Background Transforming growth factor beta (TGFβ) is a bifunctional regulator of tumor growth playing a role in tumor immune evasion and resistance to checkpoint blockade. Increased activation of TGFβ pathway correlated with reduced overall survival in patients with PD-1 resistance/refractory tumors. Therefore, the combination of a TGFβ inhibitor with an anti-PD-1 agent may benefit patients who are resistant to checkpoint blockade. SAR439459 is a ”second generation” human anti-TGFβ IgG4 monoclonal antibody. Here we report the preliminary PD results and patient selection strategy (mesenchymal CRC) of SAR439459 ± anti-PD-1 cemiplimab in patients with advanced tumors from an on-going phase 1 study (NCT03192345).

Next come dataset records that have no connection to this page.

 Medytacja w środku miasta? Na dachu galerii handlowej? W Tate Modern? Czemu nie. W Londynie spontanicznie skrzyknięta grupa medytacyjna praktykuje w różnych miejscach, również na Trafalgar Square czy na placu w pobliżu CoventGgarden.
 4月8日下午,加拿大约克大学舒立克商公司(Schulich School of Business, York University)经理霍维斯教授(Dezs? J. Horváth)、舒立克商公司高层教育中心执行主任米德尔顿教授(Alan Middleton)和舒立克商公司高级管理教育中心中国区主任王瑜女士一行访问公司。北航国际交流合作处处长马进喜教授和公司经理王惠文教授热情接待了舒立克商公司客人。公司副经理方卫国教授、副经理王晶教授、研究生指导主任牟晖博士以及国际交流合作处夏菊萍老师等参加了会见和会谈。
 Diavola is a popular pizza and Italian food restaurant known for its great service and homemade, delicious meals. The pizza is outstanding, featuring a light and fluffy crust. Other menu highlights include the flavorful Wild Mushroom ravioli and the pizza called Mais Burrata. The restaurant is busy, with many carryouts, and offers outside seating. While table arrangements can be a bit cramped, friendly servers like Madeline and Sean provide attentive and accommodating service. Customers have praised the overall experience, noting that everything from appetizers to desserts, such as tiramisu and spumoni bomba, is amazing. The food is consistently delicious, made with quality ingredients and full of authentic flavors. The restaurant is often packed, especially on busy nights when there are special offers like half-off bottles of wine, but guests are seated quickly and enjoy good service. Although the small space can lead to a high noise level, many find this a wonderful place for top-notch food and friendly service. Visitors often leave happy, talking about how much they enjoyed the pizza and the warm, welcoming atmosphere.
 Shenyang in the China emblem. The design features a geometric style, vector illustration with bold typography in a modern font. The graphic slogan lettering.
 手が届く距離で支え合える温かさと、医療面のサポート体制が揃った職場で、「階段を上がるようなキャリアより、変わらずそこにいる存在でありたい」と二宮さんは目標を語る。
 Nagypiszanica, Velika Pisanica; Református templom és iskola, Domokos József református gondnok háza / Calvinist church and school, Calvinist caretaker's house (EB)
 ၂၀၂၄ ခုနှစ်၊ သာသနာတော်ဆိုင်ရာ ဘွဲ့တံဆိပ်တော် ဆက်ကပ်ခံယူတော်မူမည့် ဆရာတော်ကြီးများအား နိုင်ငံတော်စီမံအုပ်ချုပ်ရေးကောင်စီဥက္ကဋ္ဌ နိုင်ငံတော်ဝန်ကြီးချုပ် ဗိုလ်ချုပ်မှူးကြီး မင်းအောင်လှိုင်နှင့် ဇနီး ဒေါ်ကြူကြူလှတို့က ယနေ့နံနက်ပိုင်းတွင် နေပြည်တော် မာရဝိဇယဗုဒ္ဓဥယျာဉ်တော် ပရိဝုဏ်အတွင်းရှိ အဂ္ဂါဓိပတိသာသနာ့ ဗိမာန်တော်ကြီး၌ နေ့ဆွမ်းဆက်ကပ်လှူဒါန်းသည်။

Methods Peripheral blood, serum and tumor biopsies from patients were collected for the assessment of both predictive and PD biomarkers. A consensus molecular subtyping 4 (CMS4) gene classifier was developed and used to identify mesenchymal CRC tumors based on an in-silico experiment followed by a validation using ~200 procured CRC tumor biopsy samples with customized NanoString assay. TGFβ level in plasma and tumor was measured by ELISA to assess target engagement of SAR439459. Well-known immune modulation events as the PD readout were measured: 1) immunophenotyping of circulating immune cells ; 2) cytokine/chemokine production by MSD assay; 3) PD-L1, CD8+ T cells and FoxP3+ Tregs in tumor micro-environment (TME) by immunohistochemistry; 4) TGFβ pathway activation gene signature in TME by RNAseq.

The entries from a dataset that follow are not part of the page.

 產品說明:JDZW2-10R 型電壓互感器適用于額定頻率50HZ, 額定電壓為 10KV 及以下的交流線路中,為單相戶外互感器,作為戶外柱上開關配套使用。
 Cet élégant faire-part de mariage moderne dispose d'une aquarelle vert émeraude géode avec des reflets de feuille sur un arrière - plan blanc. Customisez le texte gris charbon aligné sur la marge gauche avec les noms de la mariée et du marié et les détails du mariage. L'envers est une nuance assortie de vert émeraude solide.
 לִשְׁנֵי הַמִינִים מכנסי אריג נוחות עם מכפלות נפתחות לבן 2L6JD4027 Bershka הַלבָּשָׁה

Results SAR439459 ± cemiplimab, induced inhibition of plasma TGFβ level ≥ 90% at doses ≥ 0.25mg/kg Q2W, together with a clear trend of decrease in intra-tumoral TGFβ. RNAseq data from paired biopsies revealed concomitant down-regulation of TGFβ pathway. In periphery, SAR439459 ± cemiplimab increased proliferating T and NK cells. Concomitantly, enhanced production of pro-inflammatory cytokines/chemokines confirmed peripheral immune activation. In TME, a trend of increased CD8+ T cell infiltration and conversion from ”immune-excluded” to ”immune-inflamed” phenotype was observed following the combination treatment in several cases. No significant modulation of PD-L1 or FoxP3 was observed from the available paired biopsies. Out of 137 pre-screened CRC patients, 58 (42%) were identified as carrying the CMS4 phenotype based on the gene classifier.

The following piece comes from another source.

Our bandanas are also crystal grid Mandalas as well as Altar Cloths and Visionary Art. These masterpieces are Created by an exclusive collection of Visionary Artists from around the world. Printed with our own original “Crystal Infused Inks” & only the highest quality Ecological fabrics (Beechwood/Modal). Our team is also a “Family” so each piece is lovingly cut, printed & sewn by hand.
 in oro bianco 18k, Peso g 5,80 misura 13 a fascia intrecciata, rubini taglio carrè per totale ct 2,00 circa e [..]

Conclusions Clinical modulation of TGFβ level and the related pathway demonstrated SAR439459’s target engagement. Further analysis confirmed the peripheral immune activation in patients treated with SAR439459 ± cemiplimab. Coupled with CD8+ T cell modulation in TME, these findings suggest the identification of early PD biomarkers impacted by SAR439459 which is consistent with the mechanism of action and biological activity of TGFβ blockade therapy.

Trial Registration NCT03192345

Ethics Approval The study protocols were approved by the institutional review board or independent ethics committee of each participating institution. All patients provided written informed consent priorto enrollment.

Consent Written informed consent was obtained from the patient for publication of this abstract and any accompanying images. A copy of the written consent is available for review by the Editor of this journal.